═════ EXTRACTED ENTRIES

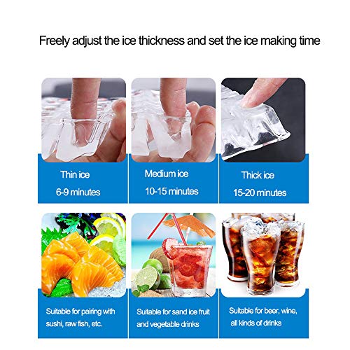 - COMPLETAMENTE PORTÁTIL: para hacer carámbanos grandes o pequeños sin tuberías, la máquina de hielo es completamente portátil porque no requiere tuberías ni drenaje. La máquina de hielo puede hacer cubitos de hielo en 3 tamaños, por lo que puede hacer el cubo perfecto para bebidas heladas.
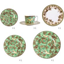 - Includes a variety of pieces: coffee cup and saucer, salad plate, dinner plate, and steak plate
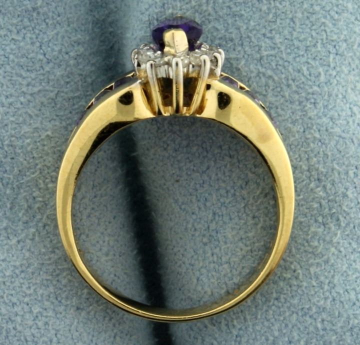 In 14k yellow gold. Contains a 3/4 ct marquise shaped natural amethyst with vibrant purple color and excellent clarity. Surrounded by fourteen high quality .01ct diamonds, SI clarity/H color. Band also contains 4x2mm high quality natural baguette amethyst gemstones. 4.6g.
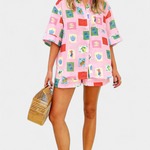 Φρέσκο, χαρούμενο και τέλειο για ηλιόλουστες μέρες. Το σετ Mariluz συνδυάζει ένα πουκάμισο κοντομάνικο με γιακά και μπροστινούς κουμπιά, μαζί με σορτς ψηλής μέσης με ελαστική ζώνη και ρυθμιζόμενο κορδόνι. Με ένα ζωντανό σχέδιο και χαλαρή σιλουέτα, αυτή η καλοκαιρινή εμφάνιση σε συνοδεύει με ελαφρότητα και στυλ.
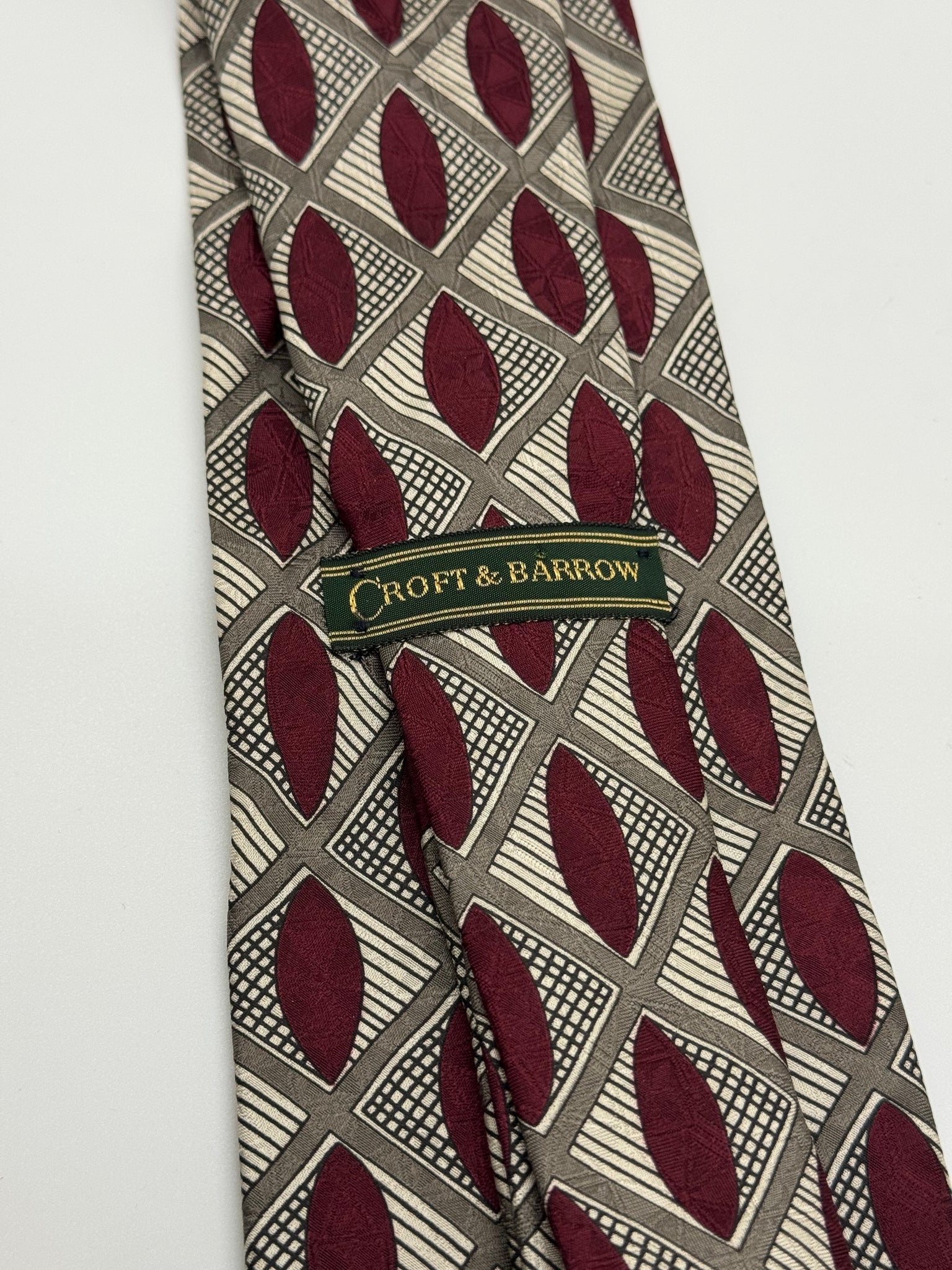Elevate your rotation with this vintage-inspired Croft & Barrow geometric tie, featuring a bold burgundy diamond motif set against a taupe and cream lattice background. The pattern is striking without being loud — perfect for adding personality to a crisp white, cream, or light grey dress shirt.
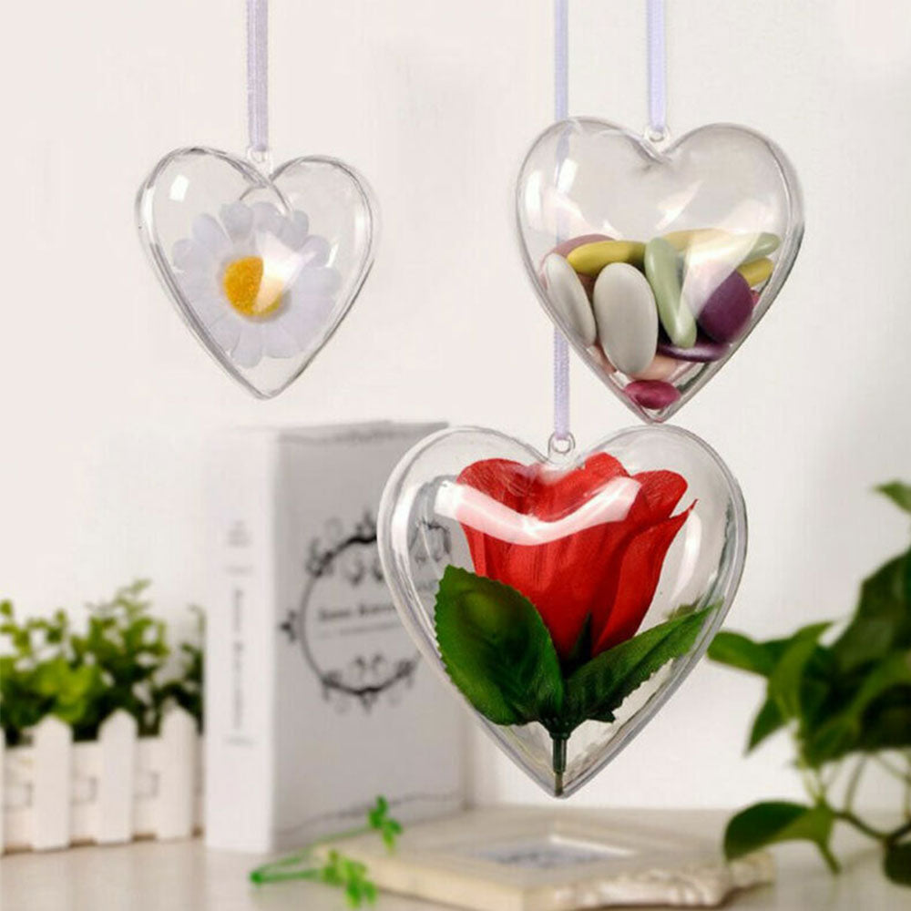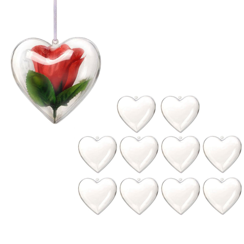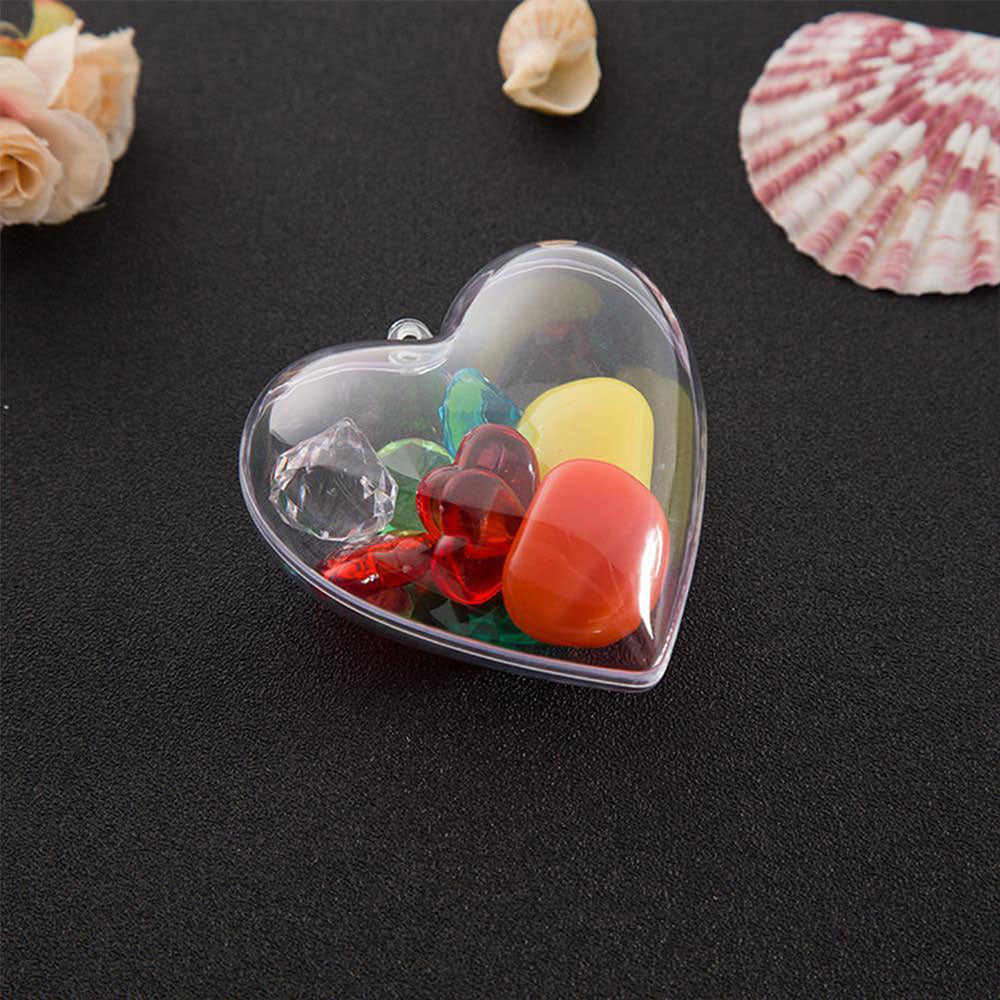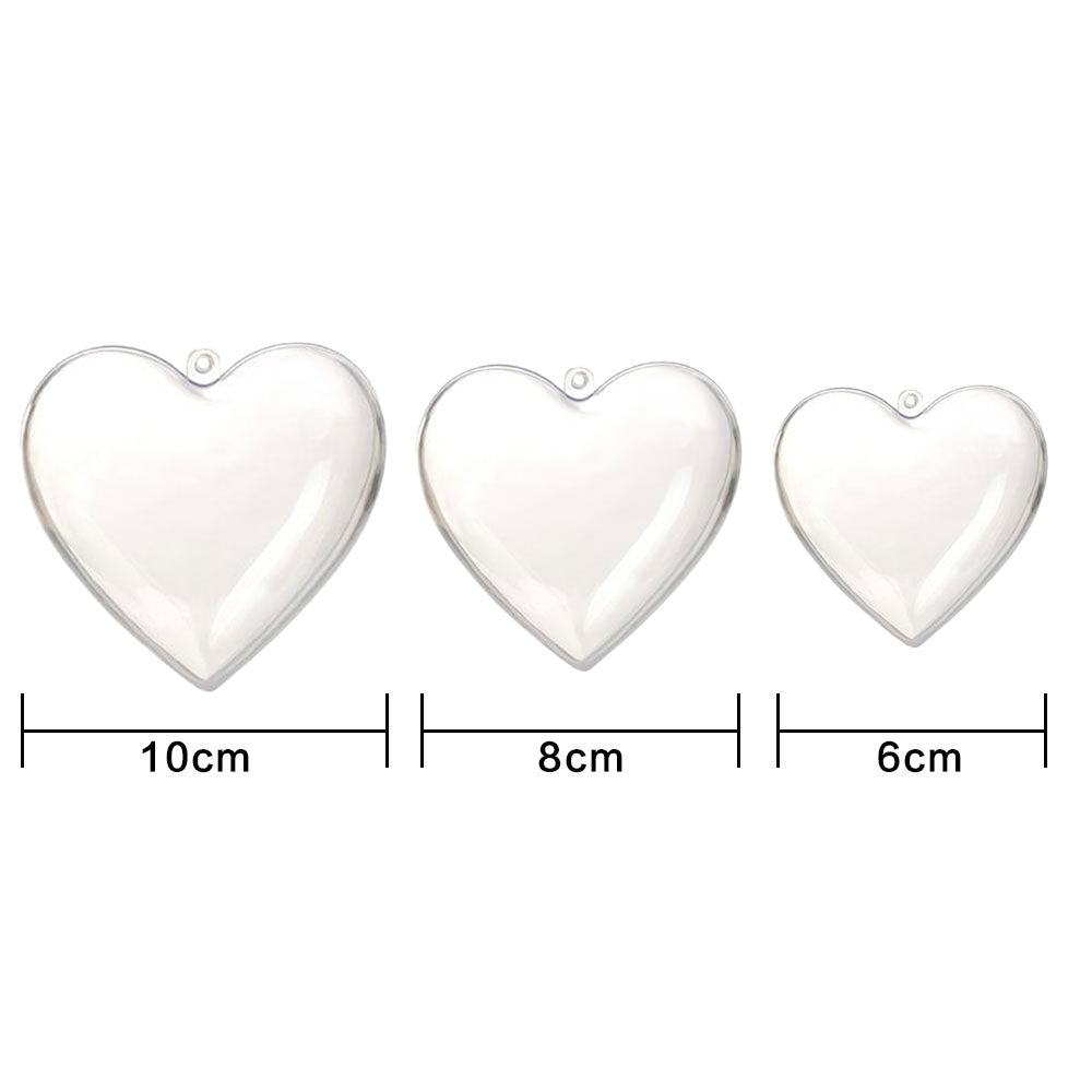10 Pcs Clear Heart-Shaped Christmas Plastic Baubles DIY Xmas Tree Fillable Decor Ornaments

══════════

WORK ITEM - Would you set down each line of the listing above exactly, apart from the pictures?

REPLY -
 - COMPLETAMENTE PORTÁTIL: para hacer carámbanos grandes o pequeños sin tuberías, la máquina de hielo es completamente portátil porque no requiere tuberías ni drenaje. La máquina de hielo puede hacer cubitos de hielo en 3 tamaños, por lo que puede hacer el cubo perfecto para bebidas heladas.
 - Includes a variety of pieces: coffee cup and saucer, salad plate, dinner plate, and steak plate
 In 14k yellow gold. Contains a 3/4 ct marquise shaped natural amethyst with vibrant purple color and excellent clarity. Surrounded by fourteen high quality .01ct diamonds, SI clarity/H color. Band also contains 4x2mm high quality natural baguette amethyst gemstones. 4.6g.
 Φρέσκο, χαρούμενο και τέλειο για ηλιόλουστες μέρες. Το σετ Mariluz συνδυάζει ένα πουκάμισο κοντομάνικο με γιακά και μπροστινούς κουμπιά, μαζί με σορτς ψηλής μέσης με ελαστική ζώνη και ρυθμιζόμενο κορδόνι. Με ένα ζωντανό σχέδιο και χαλαρή σιλουέτα, αυτή η καλοκαιρινή εμφάνιση σε συνοδεύει με ελαφρότητα και στυλ.
Elevate your rotation with this vintage-inspired Croft & Barrow geometric tie, featuring a bold burgundy diamond motif set against a taupe and cream lattice background. The pattern is striking without being loud — perfect for adding personality to a crisp white, cream, or light grey dress shirt.
10 Pcs Clear Heart-Shaped Christmas Plastic Baubles DIY Xmas Tree Fillable Decor Ornaments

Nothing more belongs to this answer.